Note: The evidence retrieved from the Aspose support forum discusses similar glyph‑missing problems in other conversion scenarios (e.g., DOCX → PDF) but does not directly confirm the exact behaviour for PDF → PPTX. The suggested solution is based on typical font‑embedding handling in Aspose libraries and should be validated in your environment.

:warning: I could not fully verify this explanation against the retrieved sources. Please double-check the behaviour in your environment and confirm the exact SDK/version.

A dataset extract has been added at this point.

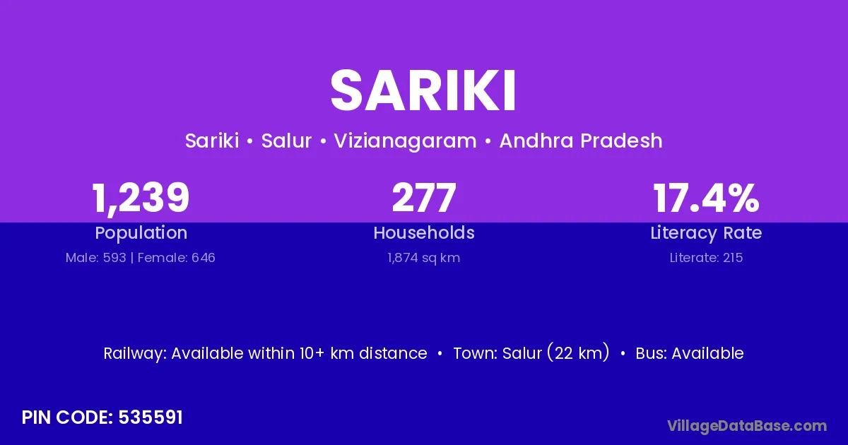 Sariki village has a total population of 1,239 people, of which 593 are males and 646 are females.

The PDF file itself is rendered correctly, thus the needed font glyphs should be present in the file since they are embedded in it.
The fonts themselves are no longer available separately when a PDF file is being converted into PPTX.
The issue also occurs with a newer Aspose.PDF version 25.9.

@dfinsolutions

We have opened the following new ticket(s) in our internal issue tracking system and will deliver their fixes according to the terms mentioned in Free Support Policies.